Comprehensive recovery of metals in spent Ni–Mo/γ–Al2O3 hydrofining catalyst

This study proposes a technical route toward the comprehensive recovery of valuable metals from spent Ni–Mo/γ–Al2O3 hydrofining catalysts, which were employed to remove S, N, and O elements and metal–organic compounds from crude oil and petroleum products. Additionally, the process conditions are optimized, thereby providing good economic and environmental benefits. Sodium carbonate-assisted roasting of the spent catalyst effectively improves the secondary pollution and leaching effect. After Al, Mo, and Ni elements in the spent catalyst were converted into NaAlO2, Na2MoO4, and NiO, more than 99.8% of the metal ions entered the leaching solution, minimizing the loss. A synergistic extraction system using the di-(2-ethylhexyl)phosphoric acid (P204) and tri-n-octylamine (TOA) extractants were employed to extract molybdenum from the clarified acid leaching solution, and more than 97.5% of Mo was separated from Al and Ni. The MoO3 product was obtained by stripping with ammonia, followed by evaporating, and roasting.
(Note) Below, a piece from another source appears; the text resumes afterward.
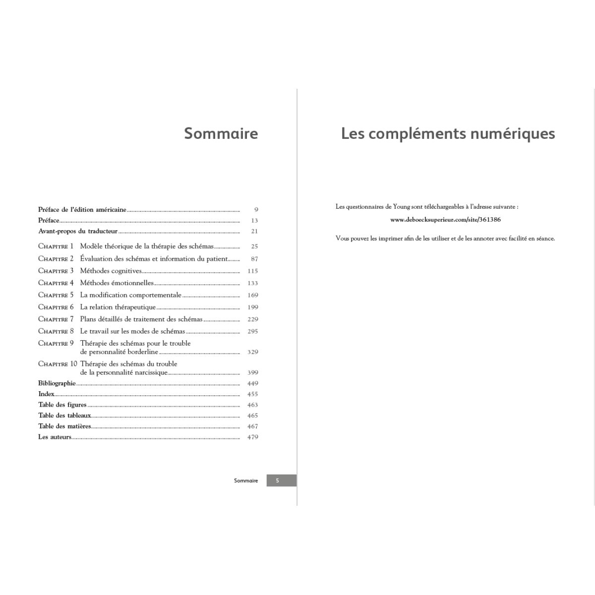 À travers de multiples cas cliniques et extraits d’entretiens, La thérapie des schémas offre un guide thérapeutique structuré et innovant pour approcher, par exemple, le trouble de la personnalité borderline, les phobies ou encore le narcissisme. Pour chacun des schémas mis en évidence y sont détaillés :

Furthermore, by adding ammonia to adjust the pH value of the molybdenum extraction solution to 4, 98.0% of the Al was extracted by P204. Subsequently, a Na2S precipitation agent was employed to convert Ni2+ into Ni(OH)S with a precipitation efficiency of 97.9%. Ultimately, the comprehensive recovery efficiencies of Al, Mo and Ni were 97.5%, 95.5%, and 90.9%, respectively, thereby realizing the comprehensive recovery of metals in the spent catalyst.